ATHENS – Prime Minister and Radical Left SYRIZA leader Alexis Tsipras’ cut of the Value Added Tax (VAT) from 24 to 13 percent in a bid to regain favor with voters with elections coming won’t apply to what many Greeks love most: food and beverages, including coffee.
He imposed an avalanche of tax hikes and new tariffs he swore he wouldn’t, but did to meet the demands of the country’s European Union creditors who in the summer of 2015 put up a third bailout, for 86 billion euros ($96.63 billion.)
That saw him plummet in surveys with May 26 elections for Greek municipalities and the European Parliament coming and with general elections later this year with the party he unseated, the major opposition New Democracy, leading big.

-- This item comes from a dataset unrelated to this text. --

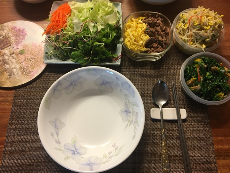 엄마가 신메뉴를 개발했다며, 누가봐도 양식 샐러드로나 먹을 야채를 큰그릇에 잔뜩 뜯어 넣고는 밥과 초장으로 비벼주었다. 꼭 젓가락으로 비벼야 골고루 잘 비벼진다며, 어서 맛을 보라고 보챘다. 먹는 분야는 아주 보수적이라 상상했을 때 어색한 조합인 음식은 입에도 안대는 편인데, 상추나 나물이면 몰라도 양상추에 이런 갖가지 야채에 밥이라니?!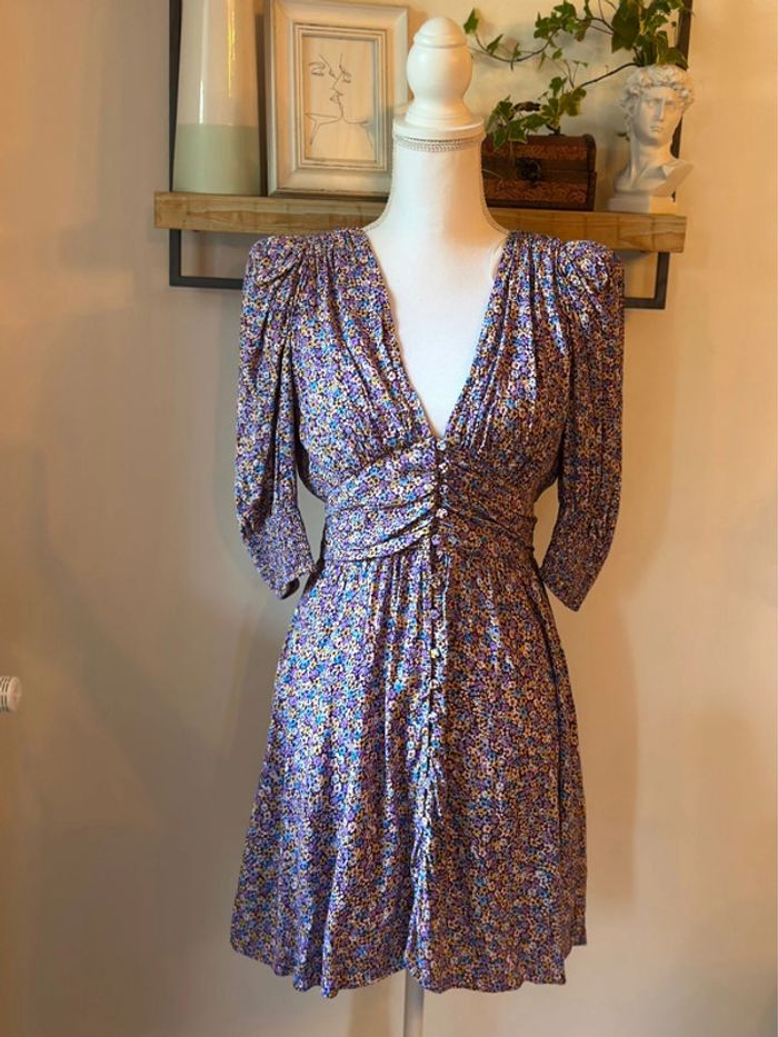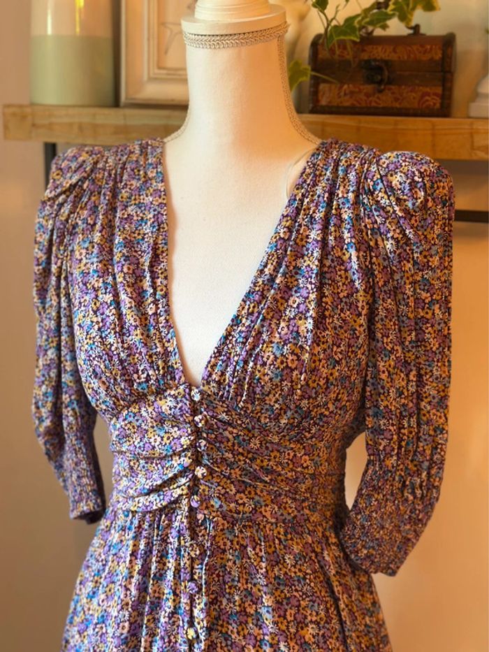 Robe fleurie lila boutonnée Zara – Taille S - photo numéro 1

Tsipras announced handouts that would return to many Greeks a tiny portion of what was taken from them in austerity measures and the tax cuts but the business newspaper Naftemporiki said the VAT cut won’t be given to 40,000 businesses in food and beverage.
That includes the favorite hangouts of many Greeks: cafes, grills, fast food outlets and bars, where the higher VAT rate will still be in effect, the paper said.

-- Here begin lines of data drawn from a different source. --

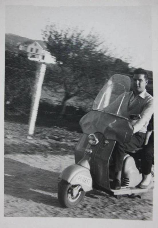 Aunque José Portas apunta que "poca informacion te puedo dar", esta fotografía de su padre (Luis Portas Barreiro) acompañado probablemente de su madre Carmela Salazar Martínez, le han hecho recordar parte de su infancia... "Mi padre para ver a mi madre tenía que ir desde Pontevedra a Marín para verla. Se que de aquella el que tenía una vespa era todo un previlegiado. Mi padre estaba muy enamorado de mi madre y cualquier esfuerzo era poco para poder estar con ella. Mi padre trabajaba como funcionario de la magistratura en Pontevedra. Eran una pareja preciosa, mi madre era un bollazo y mi padre también. Me dicen las señoras de aquella epoca, que eran una pareja tan guapa que la gente se giraba para verlos. Ella era tambien hija de una de las familias mas influyentes de Marín. Mis abuelos tenían los dos cines que habia en Marín y de aquella tener dos cines era la hostia. En casa había dinero y mi padre se ligo al bollito del pueblo". La fotografía es de la década de los sesenta y está tomada en Aguete.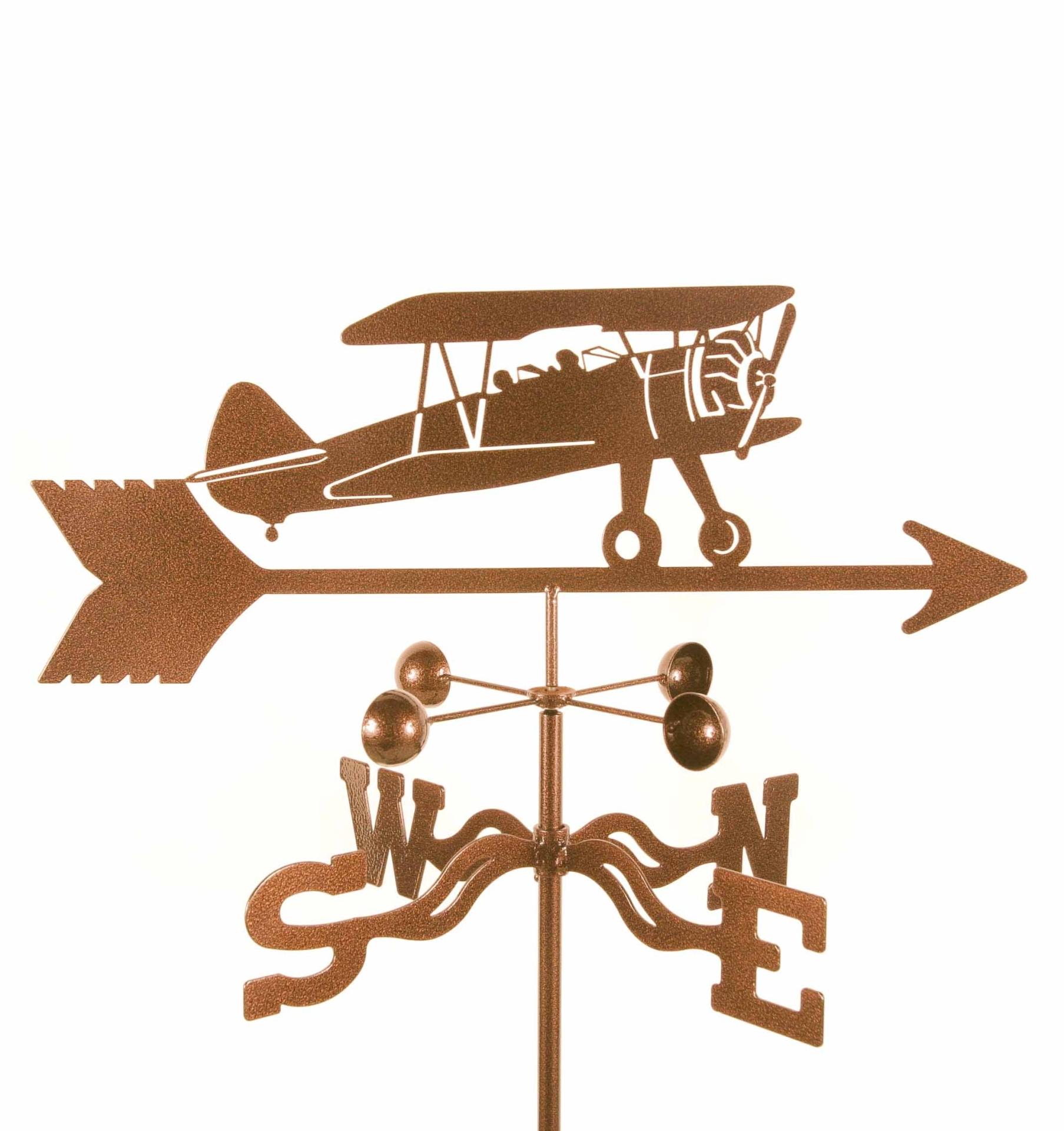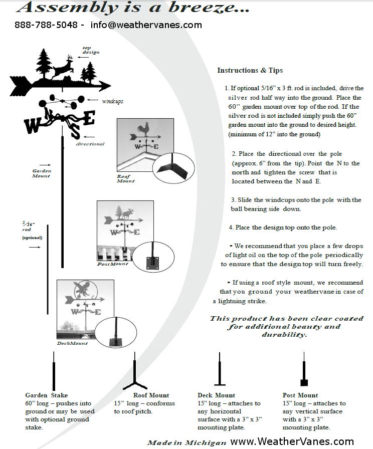 Steel weather vane is handcrafted using 14 gauge solid steel with a beautiful, durable and scratch resistant copper vein powder coat and clear coat finish baked on. Textured finish give the appearance of the old time hammered copper look. Made in USA. Available with roof mount, Post mount, Deck mount or 5 foot garden stake. Comes complete as shown. Sealed ball bearings in windcups. One year warranty on the finish.
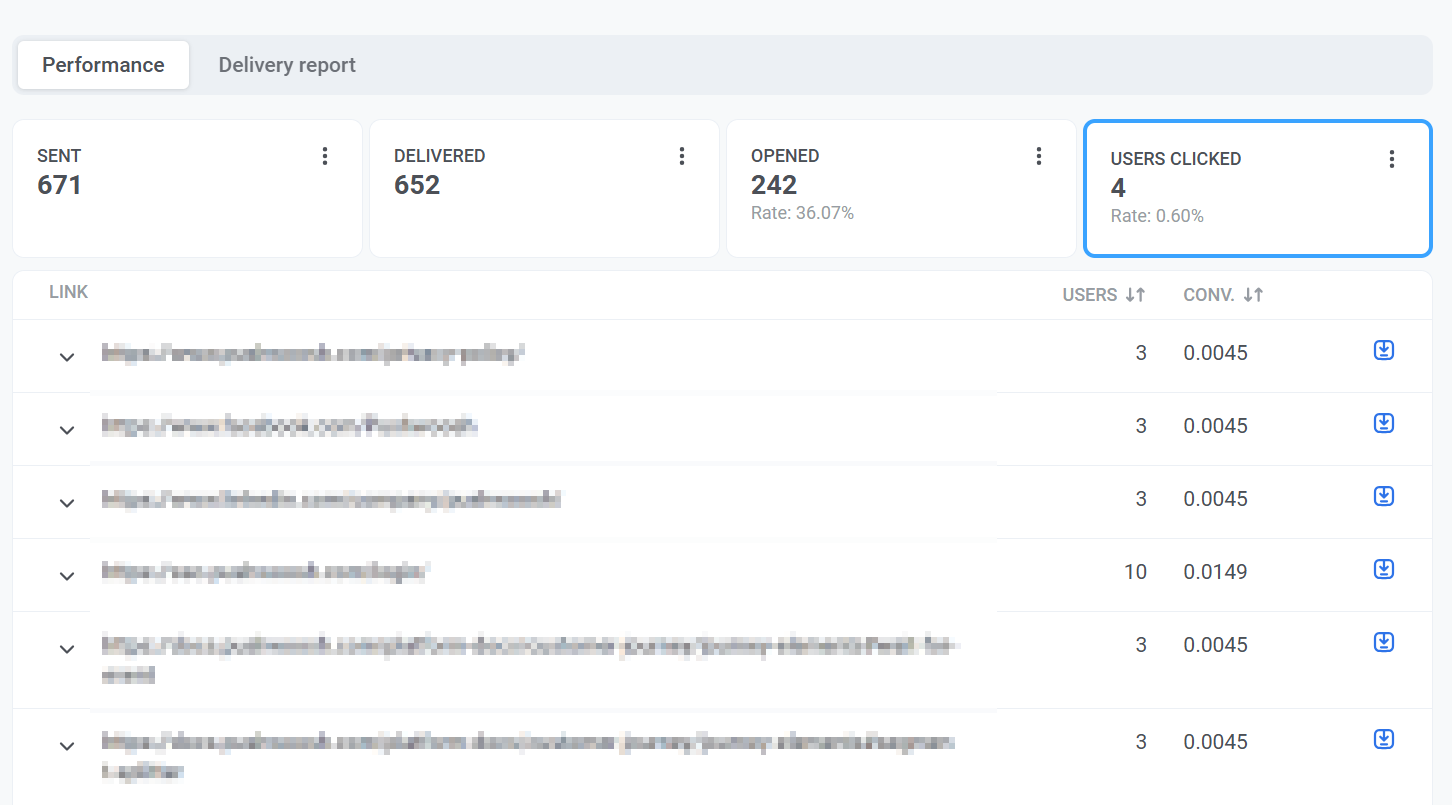 Section titled “Users clicked”Метрика Users clicked дает ценную информацию о том, как получатели взаимодействуют со ссылками в ваших сообщениях. Анализируя данные о кликах, вы можете оценить вовлеченность пользователей, определить наиболее эффективные элементы призыва к действию (CTA) и оптимизировать контент сообщений для улучшения результатов.

“The measure (VAT reduction) is positive, but half-hearted,” the President of the Hellenic Confederation of Professionals, Craftsmen & Merchants (GSEVEE), Giorgos Kavvathas told the paper. He also represents the federation for restaurateurs and related businesses.
Kavvathas said half of the relevant businesses in the country will not benefit from the VAT reduction and said the sector has lost 30 percent of its turnover since 2010, when crisis began and the then-ruling PASOK Socialists under Prime Minister George Papandreou sought the first bailout for the country, some 110 billion euros ($123.59 billion) that turned into three for 326 billion euros ($366.28 billion) that won’t be repaid until 2060 at least.